Violence

Fat old creepy guy interrupting three Asian girls: So how old is this guy?
Asian girl #1 (looking awkwardly at friends): 18.
Asian girl #2: Yeah. (laughs) She likes them young.
Fat old creepy guy: Oooh! (pause) You can train him! Get a collar and a leash and a big stick like the ones my kids use to whack their pigs!

Sacramento, California

Co-worker: If I killed someone, he would totally lie to the police for me. Either he would be my alibi or he would lie and say he did it so I could be free.

225 North Michigan Avenue
Chicago, Illinois

Overheard by: Am I Next

Male bartender: Where'd you park?
Female bartender: 12th and Albany.
Male bartender: So far away? Why do you want to be raped?

Los Angeles, California

Crazy coworker, nonchalantly: I knew a guy who killed his girlfriend. Stuffed her in the wall…

Government Office
Washington, DC

Woman #1, looking over cubicle: Rachel is going to be angry that you are sending her so many emails.
Woman #2, turning around: Who gives a fuck?
Woman #1: Seriously, you better watch it. [looks around] She can’t take too many emails, she has to pace herself.

Paramus, New Jersey

Overheard by: Not pacing myself!

Cubicle drone #1 (while physically beating cubicle drone #2): You could be replaced by a rubber tree plant!

Bowmanville
Ontario
Canadia

Girl to friend: You don't have to use something as depressing as a rape crisis.
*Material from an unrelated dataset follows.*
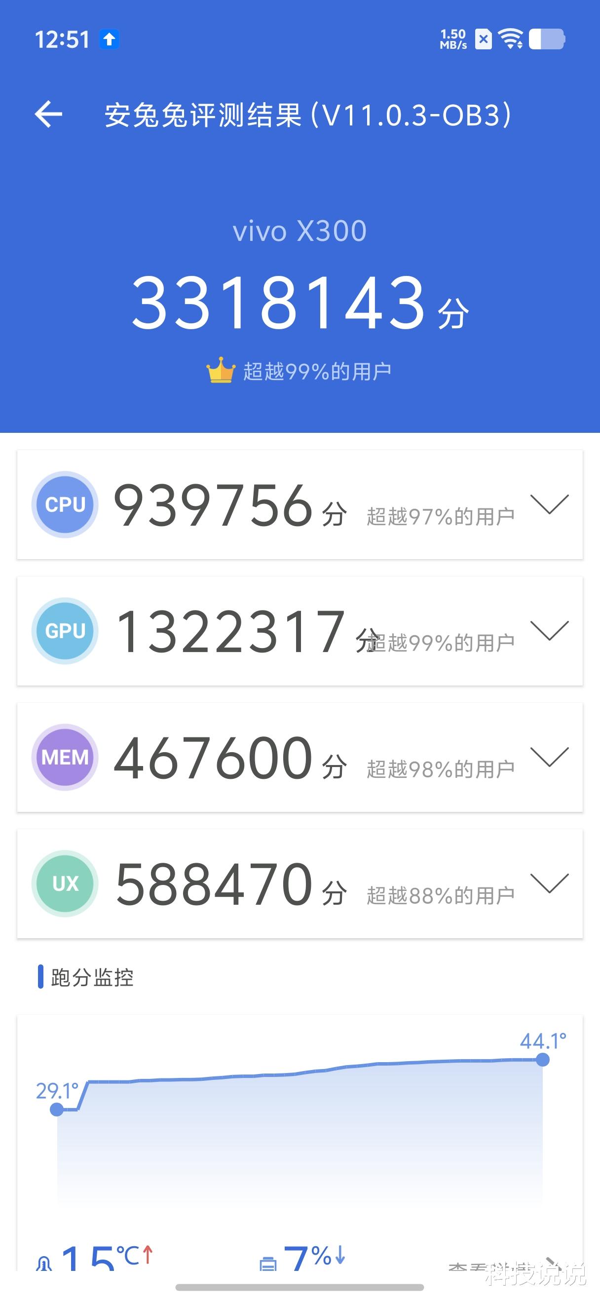 vivo X300搭载了最新天玑9500芯片,基于台积电第三代3nm制程打造,搭载vivo、MediaTek、Arm三方共同打造的全大核3.0 Super CPU架构,主频最高可达4.21GHz。基于强大的硬件基础,其在安兔兔综合性能测试中,跑分轻松达到330万分。

You know, you can do like… battered women, girl power!

Portland, Maine

Manager: I should hire somebody know knows karate to stand on it… and jump around.

Virginia

Overheard by: Cubicle Warrior

Cashier to another: Most of our customers are dumber than dirt, and they've got guns.

New York City, New York

Overheard by: Locked & Loaded

Boss: Why don’t I just shove a sock down your throat to shut you up?
Secretary: Yeah that’s fine, just make sure it’s not the sock you stuff your pants with!